With the idea of a candidacy only emerging over the weekend of April 10-11, Tobasco, who needed 130 signatures on an election petition that had to be filed by 4 p.m. April 12, was able to get 137 signatures. He said his abrupt decision to run for the county seat followed a meeting that was held in Keyport on April 10.

He said the meeting was attended by about 80 key Republicans, including some from Howell and the Bayshore area of the county who have found themselves more and more unhappy with the current Republican leadership. Those feelings came to the forefront last week after published reports detailed a split between Stominski and Monmouth County Republican leader William Dowd.

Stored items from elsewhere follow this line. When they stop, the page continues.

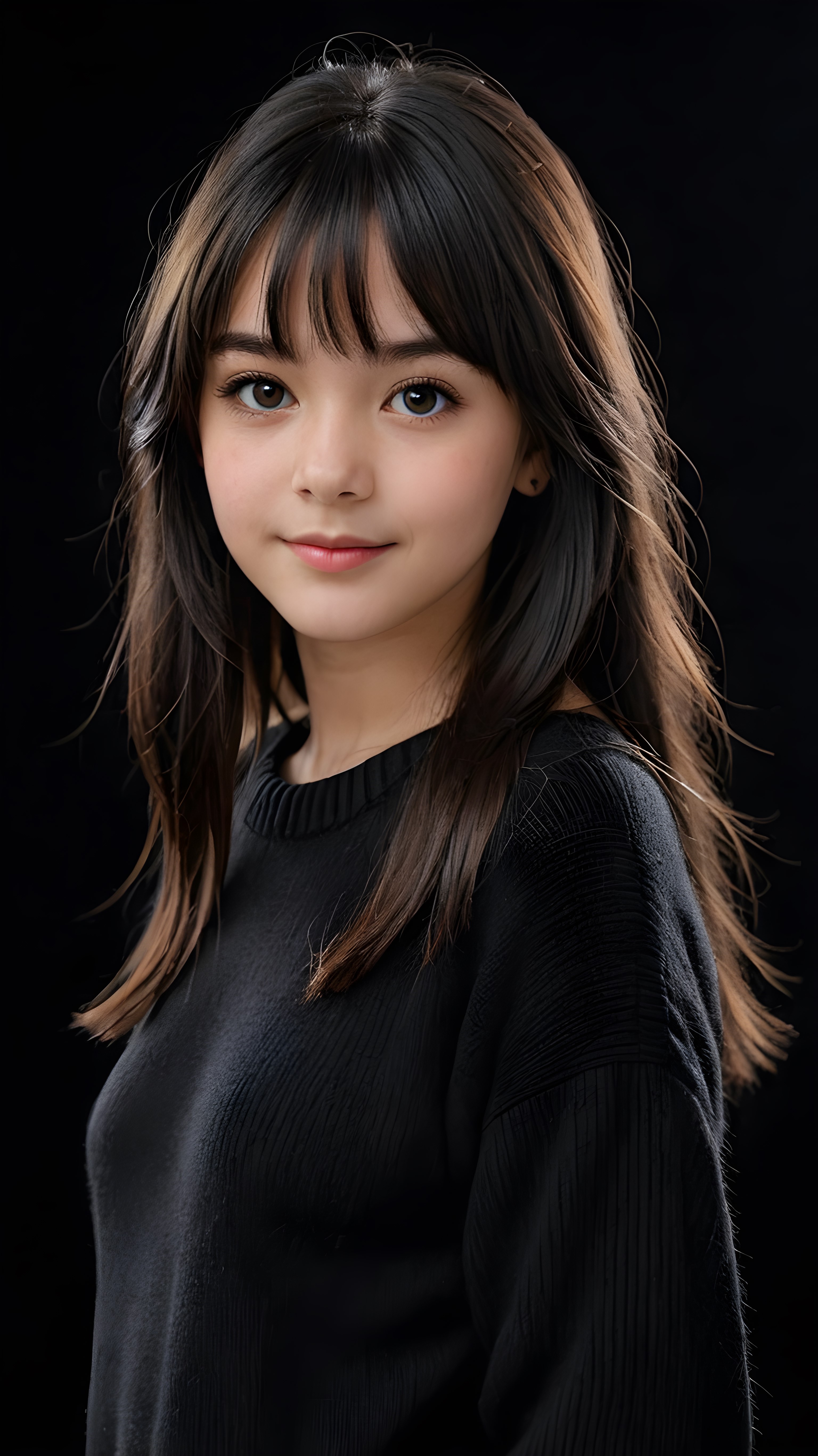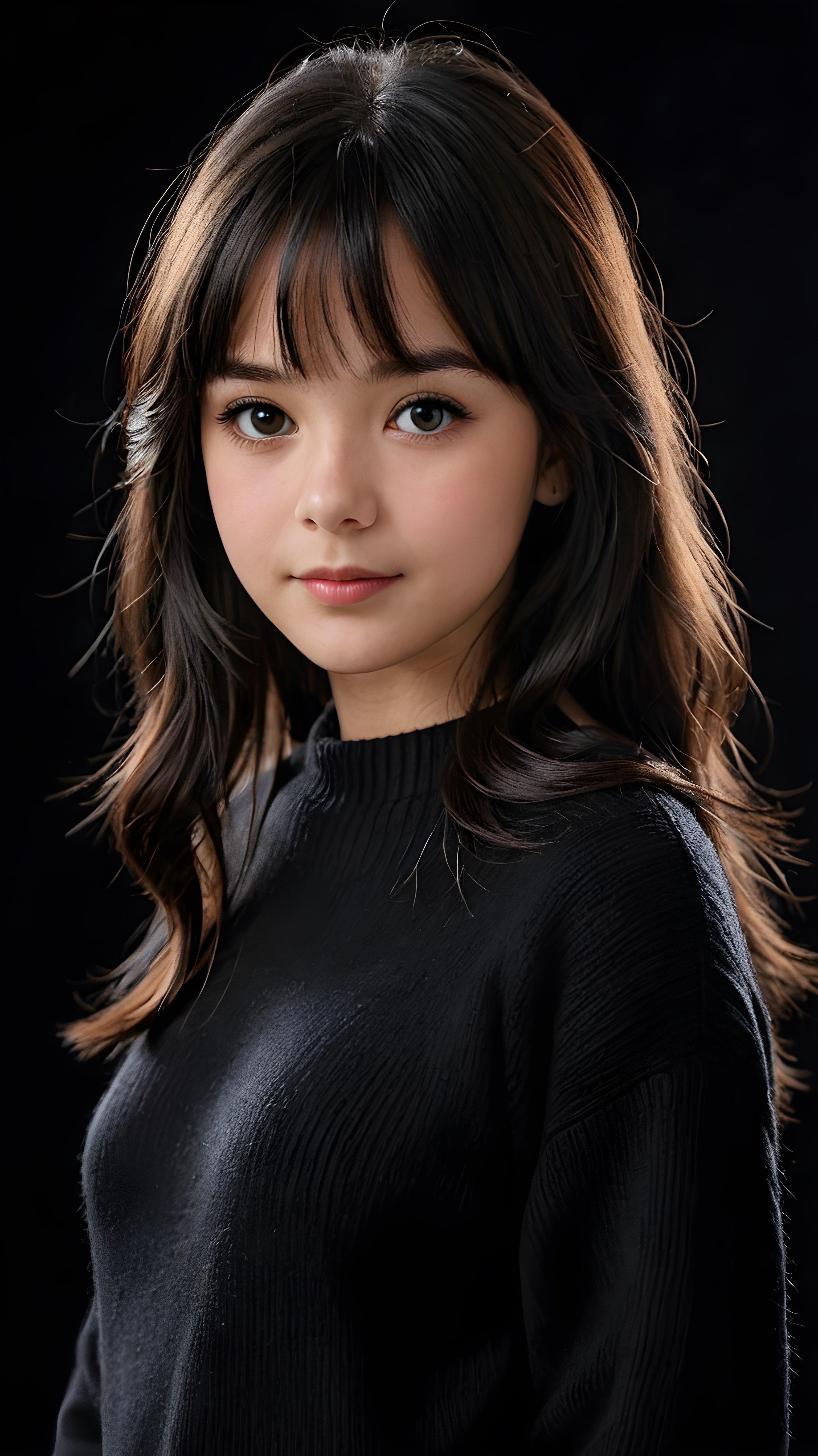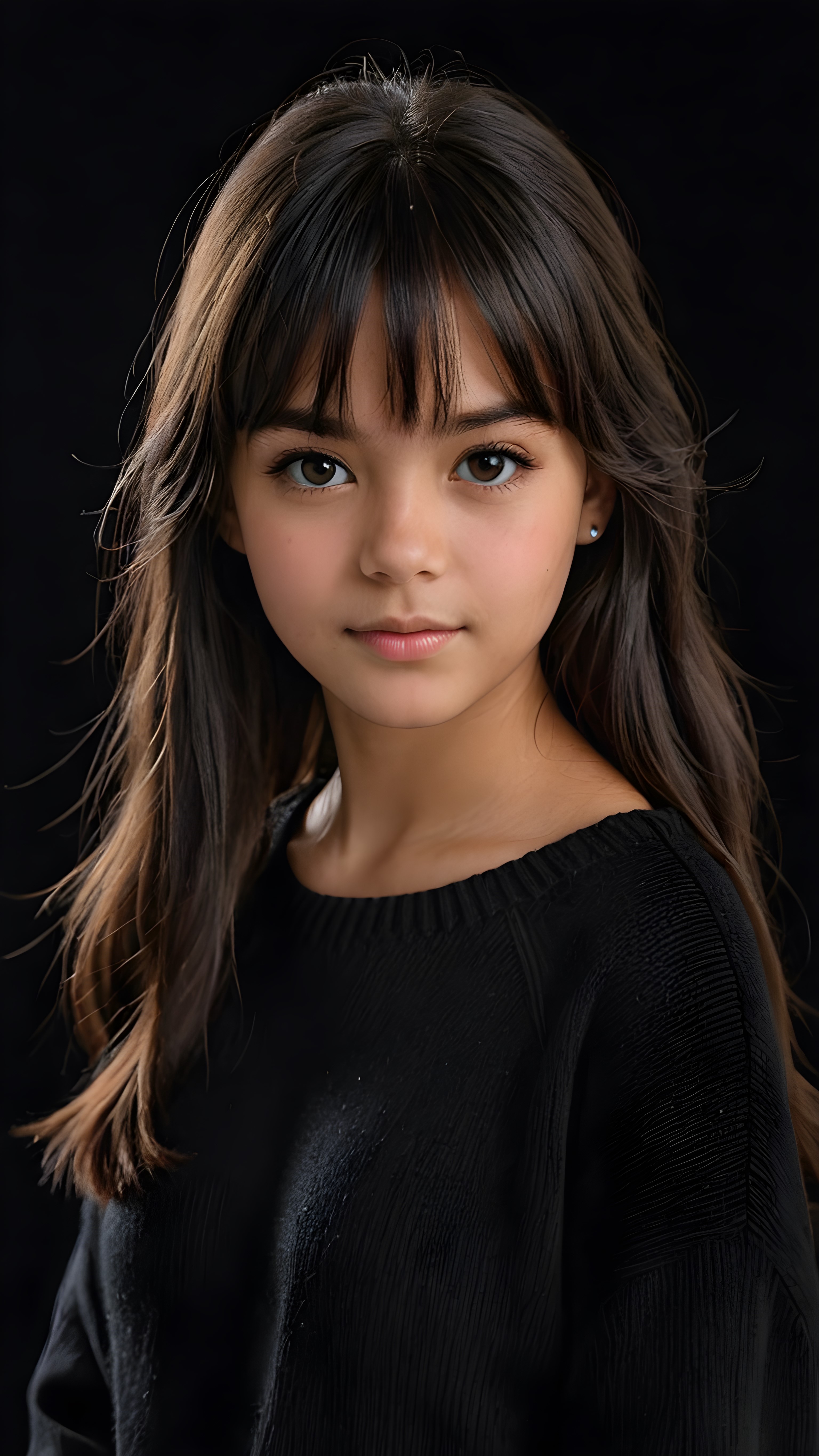 a detailed an realistic photo from a young tanned teen girl, 13 years old, jet raven black thick straight hair and bangs, black wool sweater, ((stunning)), ((gorgeous)), ((black background))
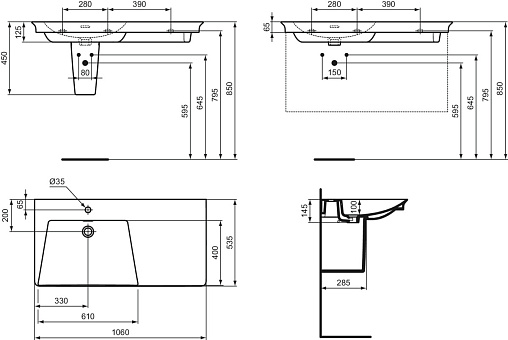 Подвесная раковина La Dolce Vita 106х53,5х14,5 см, левая, санфарфор, с отв. под смеситель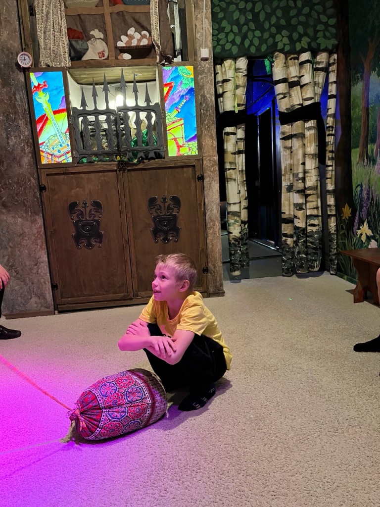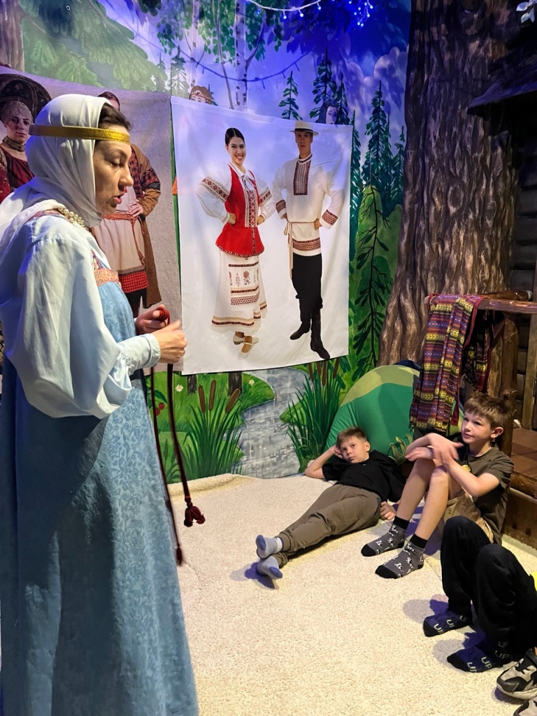 С помощью сказочных персонажей в исполнении актёров из детских театров Петербурга ребята раскрыли тайну рождения народных былин и сказок, взаимодействуя с волшебными экспонатами, прикасаясь через предметы быта к истории Древней Руси.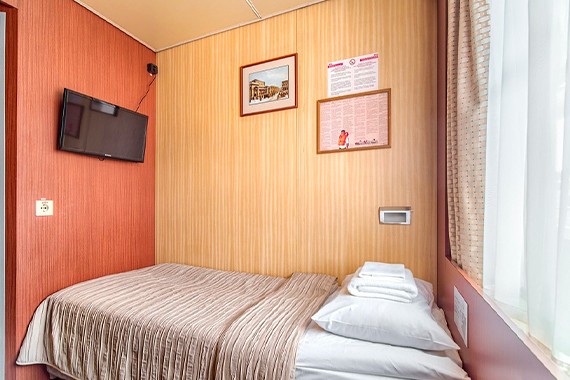 Одноместная каюта со всеми удобствами, расположенная на средней палубе. Площадь каюты ≈ 7,9 м². Размер кроватей – 80х195 см. В каюте: одно спальное место, шкаф для одежды, радио, кондиционер, телевизор, холодильник, фен, сейф, ванная комната (раковина, душ, туалет), розетка 220V, обзорное окно.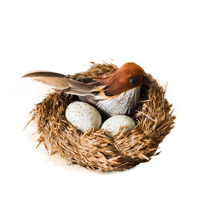 掬涵装饰小鸟摆件夹子鸟巢鸟窝小鸟羽毛鸟胸针美式乡村装饰摆件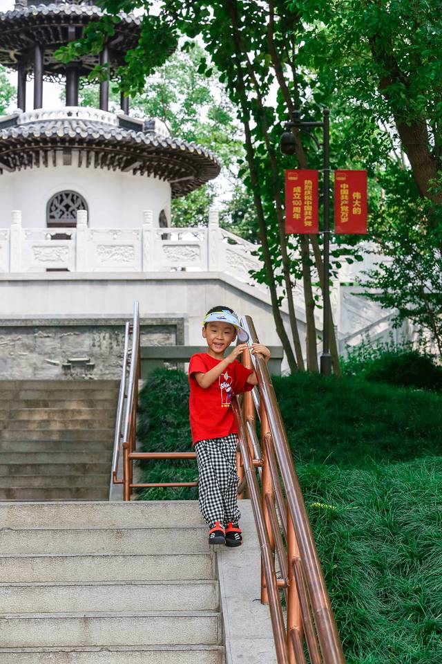 “绿”,确实是这里景观的代名词,层层的假山巨石掩映在苍翠之中,满眼生机勃发,仿佛在向游人诉说着“古渡今朝亦明媚”。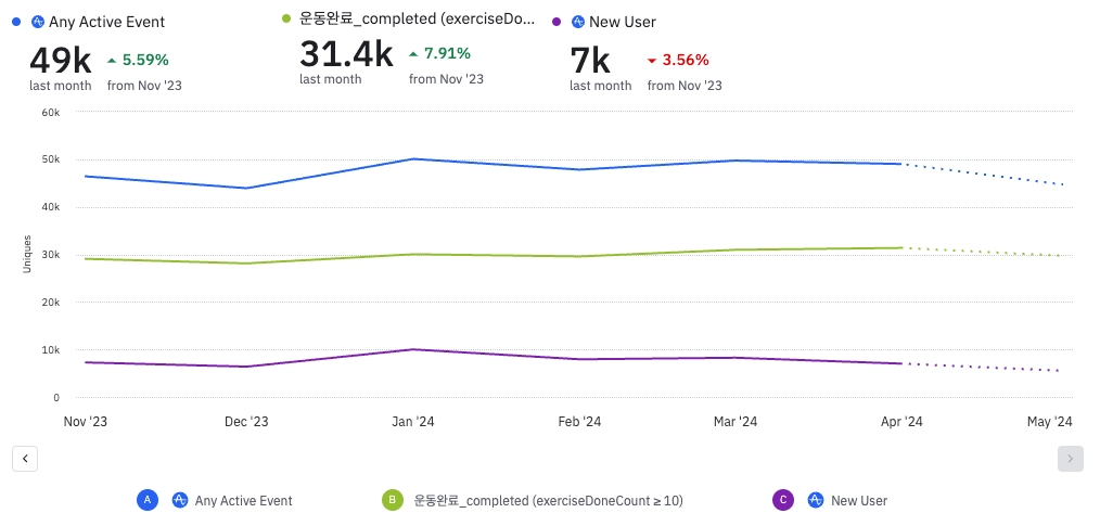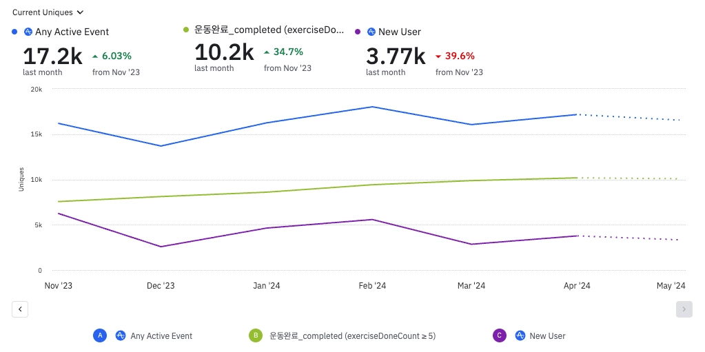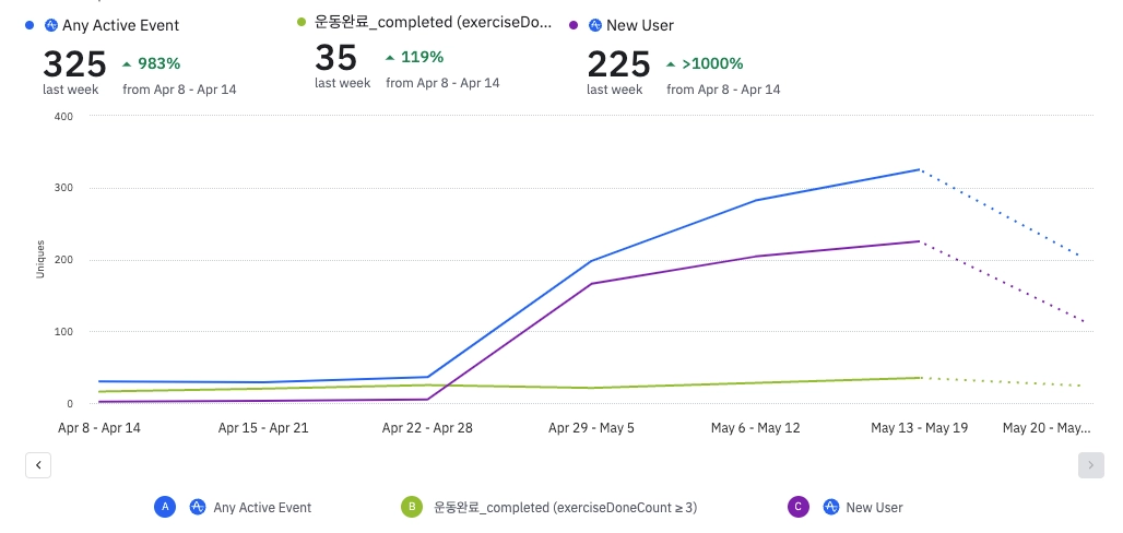 원데이 클래스를 통해 신규 유저 수를 증가시키는데는 실패했습니다. 클래스 진행 트레이닝 그룹과의 프로모션, 참여자 리뷰를 기반으로한 컨텐츠를 통해 신규 유저를 추가적으로 획득하고자 합니다.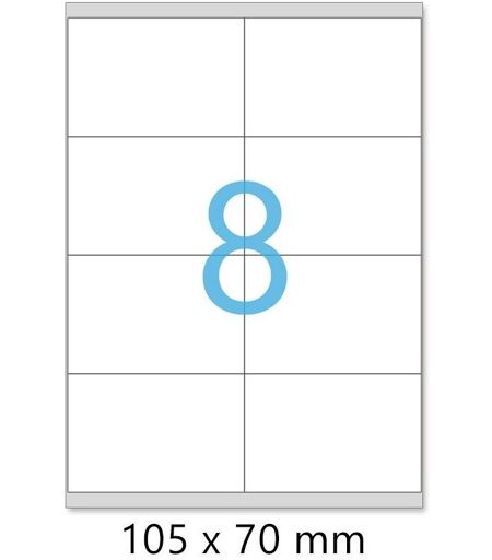 Etiquettes A7 autocollantes blanches en planches A4 de 8 étiquettes COINS VIFS Planche de 8 étiquettes A7 format individuel 105 x 70 mm Ces étiquettes sont idéales pour imprimer : - l'identification de vos CARTONS ou PALETTES - les adresses de vos destinataires, - des instructions de livraison pour les transporteurs, - les références de vos produits, les codes barre, etc... - des fiches produits à apposer sur vos palettes ou cartons, - des fiches d'inventaires, - des fiches affaires à coller sur vos dossiers, etc... - Papier laser blanc 75 g/m² - Convient pour imprimantes LASER - JET D'ENCRE - COPIEURS - Taille d'une étiquette = 105 x 70 mm - Coins vifs L'étiquette aux multiples applications, très facilement personnalisable selon vos besoins ! Protégez l'environnement ! - papier issu de forêts gérées durablement ...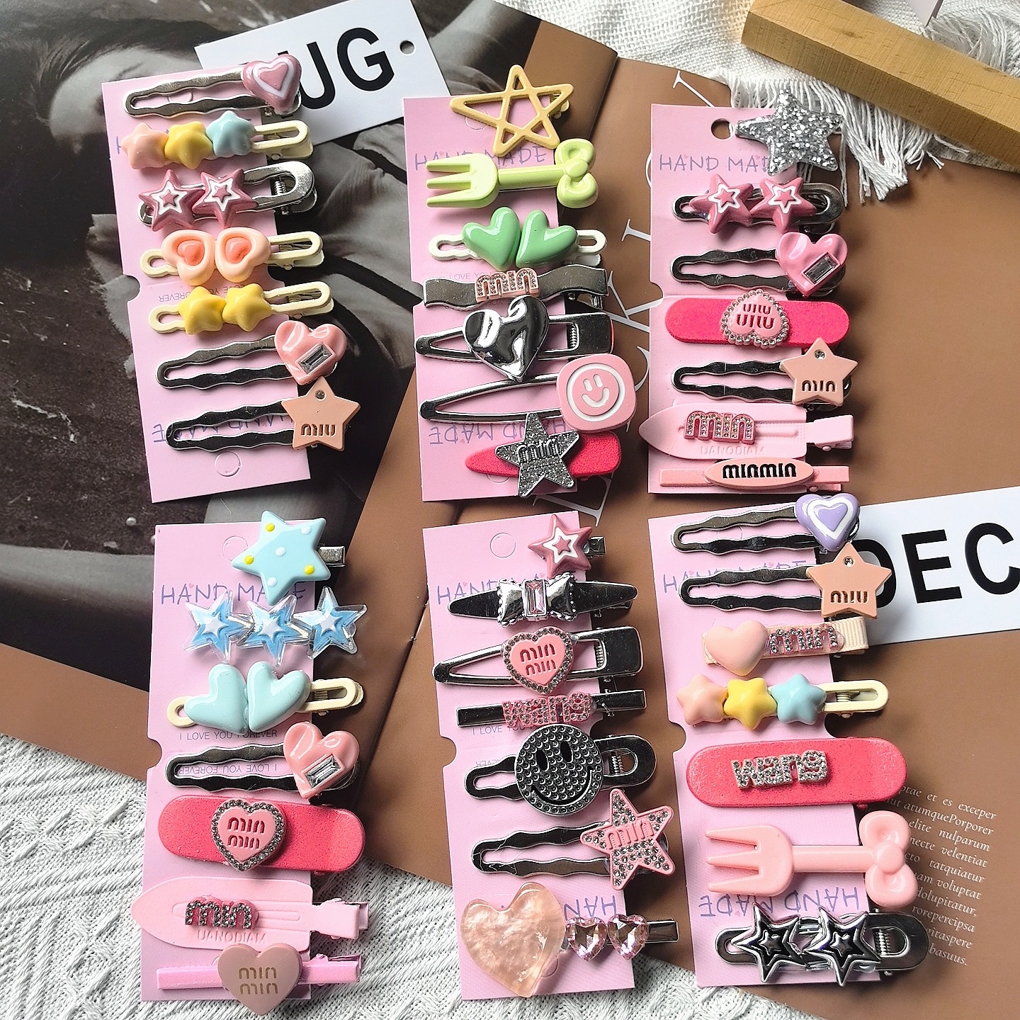 여성용 캔디 컬러 오각별 머리핀 50개, 귀여운 사이드 클립, 도파민 클립, 만화 앞머리 클립, 머리핀, 헤어 액세서리스토어 가기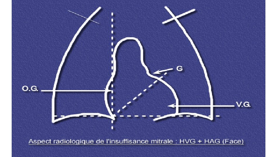 B- IM aiguë D’emblée mal tolérée si importante : sub. OAP ou OAP - souffle IM + B 3 EXAMENS COMPLEMENTAIRES 1) Radio de thorax - normale si IM minime ou modérée - dilatation de l ’OG et du VG + hypervascularisation pulmonaire De face : ü ↑ de l’ index cardiothoracique (ICT> 0. 5) ü arc inférieur gauche allongé (dilatation VG) ü arc moyen gauche convexe et débord arc moyen droit (dilatation OG) ü signes d’hypervascularisation pulmonaire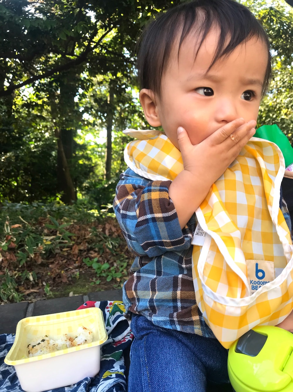 大学の文化祭に行きました。 アカペラ発表をみてノリノリのはる坊でした。 写真は発表の合間に外でおにぎりを食べる坊。 こどもビームスのスタイはママが産休前にお客様から頂いたもの。大切に使っています。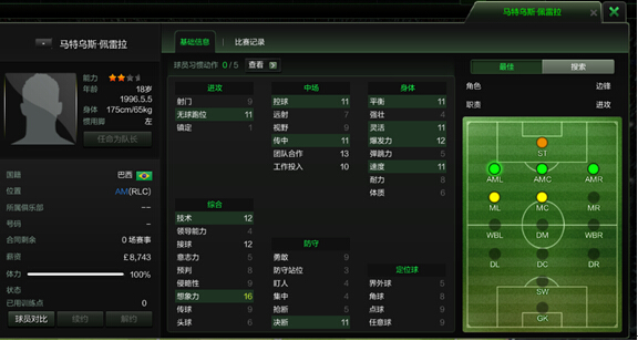 马特乌斯·佩雷拉,这位巴西籍18岁小将,我第一次知道这个球员的那年,他是14岁,因为少时移居葡萄牙,14岁时加入了里斯本竞技青训系统,当时玩fm系列也是经别人推荐才知道有这么一个值得培养的小妖。巴西产出了不少出色的左脚球员,比如里维利诺、杰尔森和阿莱士等等,但是有些遗憾的是,现在我们并没有看到桑巴军团有太多这样的球员。不过,可以在佩雷拉的身上,看到希望。今年6月在西班牙举行的国际U17锦标赛上,佩雷拉被选为赛事的最佳球员。

Tobasco said the displeasure came to a head following the disclosure that Dowd and a few key shore area Republicans had decided not to back Stominski’s re-election bid without getting input from the rest of the county’s Republican leaders.

He said the GOP representatives who were present at the April 10 meeting were not only upset over the recent de­velopments, but were feeling increasingly disrespected and disenfranchised from the political process at the county level and have been for some time.

Tobasco said he left the meeting in Keyport encouraged by many of those who were present to make his bid for freeholder. He said he immediately began seeking signatures on his election peti­tion.

Referring to towns like Howell, Matawan and Holmdel, Tobasco said, "There are a lot of towns that feel disre­spected and under-represented" at the county level. He also observed that for many years there has not been an oppor­tunity for anyone to put up a candidate for county office since the incumbents controlled the nominating process.

Tobasco said Dowd’s meeting a week earlier with only a handful of prominent Republicans when deciding the party’s di­rection in the county — and making the decision not to back Stominski — was in­dicative of the ongoing disrespectful atti­tude by the party’s entrenched elite for the northwestern part of the county.

Tobasco, a resident of the county for more than 20 years who is married to a lifelong resident of the county, said he knows and loves the county well.

He noted that Howell, at 62 square miles, is the second largest municipality in Monmouth County and has a little of everything and is emblematic of what makes up the rest of the county. He said he has sailed, sledded, kayaked, hiked and biked all over the county in the course of his personal pursuits as well as in the performance of his civic duties and his many years as a player and coach for several sports leagues and organizations.

Tobasco said his knowledge of the county would serve him well as a free­holder and his goal would be an inclu­sionary board that would work to advance the needs of the entire county.